We must look at each child for who they are; not who they are compared to anyone else. I am reminded of the story of Reb Zusha, a Chasidic master, in which Reb Zusha was laying on his deathbed surrounded by his students. As he lay there, he was crying and none of his students were capable of comforting him. One student asked “Why are you crying? You, Reb Zusha are almost as wise as Moses and as kind as Abraham.” Reb Zusha answered, “When I pass from this world and appear before the Heavenly Tribunal, they won’t ask me, ‘Zusha, why weren’t you as wise as Moses or as kind as Abraham,’ rather, they will ask me, ‘Zusha, why weren’t you Zusha?’ Why didn’t I fulfill my potential, why didn’t I follow the path that could have been mine.”

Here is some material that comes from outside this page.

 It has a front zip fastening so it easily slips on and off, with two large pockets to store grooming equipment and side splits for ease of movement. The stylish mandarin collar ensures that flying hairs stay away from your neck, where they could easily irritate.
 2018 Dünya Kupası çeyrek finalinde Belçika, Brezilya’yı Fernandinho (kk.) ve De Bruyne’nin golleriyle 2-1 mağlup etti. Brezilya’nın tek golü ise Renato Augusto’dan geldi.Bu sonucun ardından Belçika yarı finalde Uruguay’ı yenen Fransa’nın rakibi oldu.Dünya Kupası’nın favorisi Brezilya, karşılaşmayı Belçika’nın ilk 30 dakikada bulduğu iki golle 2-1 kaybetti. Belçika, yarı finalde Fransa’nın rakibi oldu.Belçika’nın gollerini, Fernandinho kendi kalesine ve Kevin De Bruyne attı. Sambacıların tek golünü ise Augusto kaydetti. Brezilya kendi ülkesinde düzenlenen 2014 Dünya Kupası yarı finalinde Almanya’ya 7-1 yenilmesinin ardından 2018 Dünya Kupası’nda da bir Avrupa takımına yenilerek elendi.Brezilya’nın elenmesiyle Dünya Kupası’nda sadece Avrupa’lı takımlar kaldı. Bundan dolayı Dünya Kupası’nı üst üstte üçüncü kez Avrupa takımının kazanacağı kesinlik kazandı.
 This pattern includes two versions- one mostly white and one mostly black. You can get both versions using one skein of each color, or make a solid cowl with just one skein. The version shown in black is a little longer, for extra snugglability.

One of the most impactful movies I have ever seen is called Praying With Lior. The movie is a documentary about Lior Liebling, a boy with Down Syndrome and his journey towards becoming a Bar Mitzvah. What I love about the movie is Lior’s connection to Judaism through song and spirituality. His teachers had to find what moved him in order to help him better connect and to achieve the many successes that he was able to accomplish. His teachers used inclusion to help Lior socially and academically in his classroom. What strikes me most is the impact that Lior had on those around him. When we teach with inclusion, we aren’t just impacting the life of one student; we are impacting the entire class, the entire school. My most impactful days are the ones on which I am able to sit with students, not as an educator, but as a student.

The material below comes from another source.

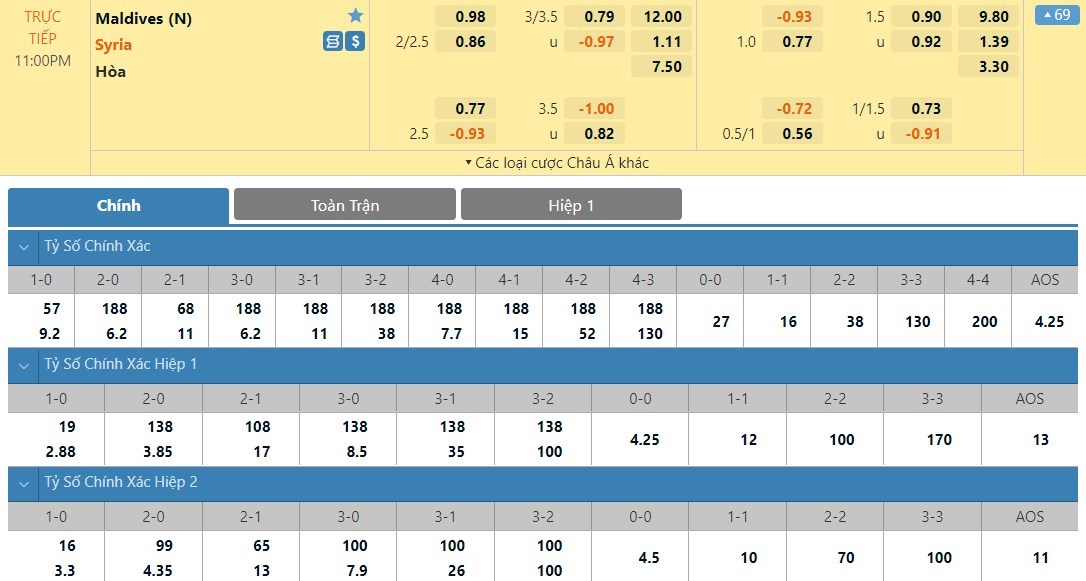 Tính tới thời điểm hiện tại Syria cùng với Nhật Bản là 2 cái tên duy nhất toàn thắng ở tất cả các lượt trận của mình. Điều đó đủ cho thấy sức mạnh của thầy trò Ayman Hakeem là cực kỳ đáng sợ và rõ ràng Maldives không phải là đối thủ xứng tầm với họ. Hơn nữa phong độ của Maldives cũng không thật sự đem lại quá nhiều hy vọng. Do đó ở kèo đấu tới thì Syria vẫn là lựa chọn an toàn hơn cho người chơi.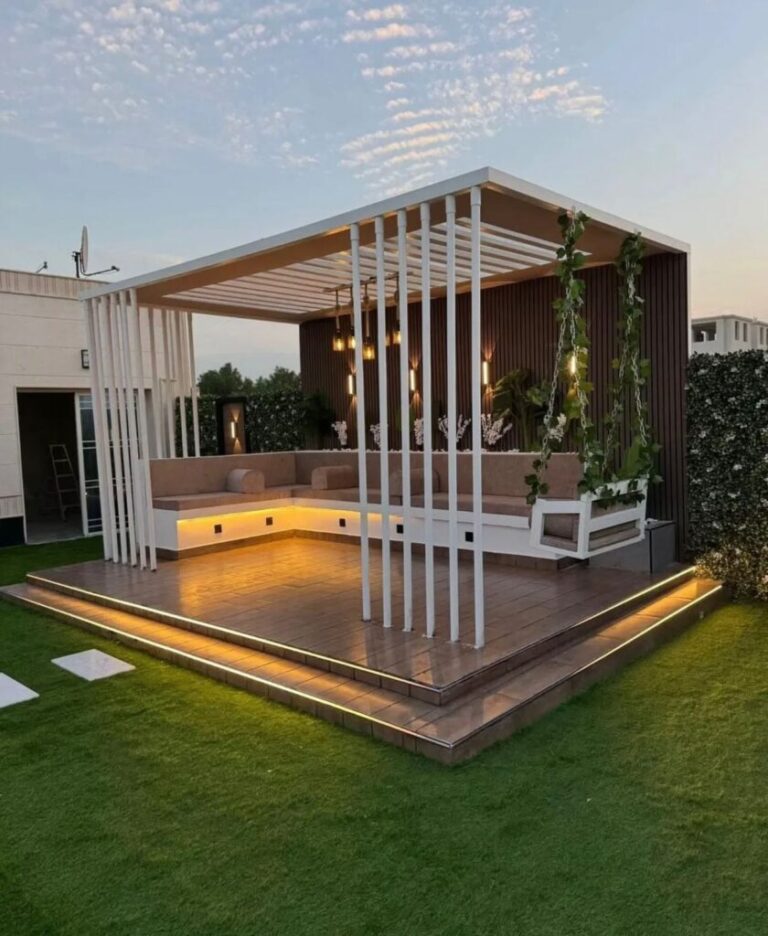في شركة حديقتى ، نقدم خدمات تصميم وتركيب برجولات ومظلات جلسات الحدائق التي تضيف لمسة من الأناقة والراحة إلى مساحاتك الخارجية. نختار المواد عالية الجودة، مثل الخشب والمعدن، لتصميم مظلة متينة وجميلة توفر الحماية من الشمس والأمطار. سواء كنت تحتاج إلى برجولة لتصميم مناطق الجلوس أو مظلات لحماية النباتات والأثاث، نحن نضمن تنفيذ التصميمات بدقة واحترافية. فريقنا المتخصص يعمل على تقديم حلول تلائم ذوقك واحتياجاتك، لتحسين جمالية وحديقتك وزيادة استخدامها بشكل مريح وعصري.

Our Jewish texts are full of sources that speak to the Jewish approach to inclusion. In Vayikra (Leviticus) 19:14, we read “Do not curse a person who is deaf and do not place a stumbling block in front of a person who is blind.” In Devraim (Deuteronomy) 15:7, we learn, “If there be among you a person with needs… you shall not harden your heart, but you shall open your hand.”
In the Mishneh Torah, a work by Maimonides, 1:8-9, we are taught that “Every [Jew] is obligated to study Torah, whether he is poor or rich, whether his body is healthy and whole or afflicted by difficulties, whether he is young or an old man whose strength has diminished.” The text goes on to talk about the importance of every job on the impact of a community. “The greater Sages of Israel included wood choppers, water drawers and blind men. Despite these [difficulties], they were occupied with Torah study day and night and were included among those who transmitted the Torah’s teachings in the direct line from Moses.”

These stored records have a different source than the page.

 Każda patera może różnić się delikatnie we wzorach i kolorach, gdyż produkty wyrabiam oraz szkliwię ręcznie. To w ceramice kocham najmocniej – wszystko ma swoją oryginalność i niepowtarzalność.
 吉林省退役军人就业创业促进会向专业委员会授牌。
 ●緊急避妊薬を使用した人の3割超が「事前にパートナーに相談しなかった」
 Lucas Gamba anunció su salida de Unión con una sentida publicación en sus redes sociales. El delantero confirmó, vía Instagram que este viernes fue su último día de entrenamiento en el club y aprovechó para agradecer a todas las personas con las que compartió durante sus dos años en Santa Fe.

February is Jewish Disability Awareness and Inclusion Month. “The mission of Jewish Disability Awareness and Inclusion Month is to unite Jewish communities worldwide to raise awareness and champion the rights of all Jews to be included and to participate in all aspects of Jewish life like anyone else.”
Each person has a different ability in this world. Each deserves the opportunity to get a quality Jewish education. It is why we created a school in which each child is given an opportunity to learn, where each child is seen as an individual in the greater context of a large class. We are NOT a school for students with special needs. We are a school for ALL students, no matter their needs. We intervene, we enrich, we include, we educate, we love. That is why Jewish Day Schools are so important.
Daniel R. Weiss is the Head of School at Solomon Schechter Day School of Las Vegas. He is an Ed.D candidate at Northeastern University, a member of cohort 9 of the Day School Leadership Training Institute (DSLTI) and the incoming Head of School at Bornblum Jewish Community School in Memphis, Tennessee. Daniel a Day School alum and the father of three Day School Students.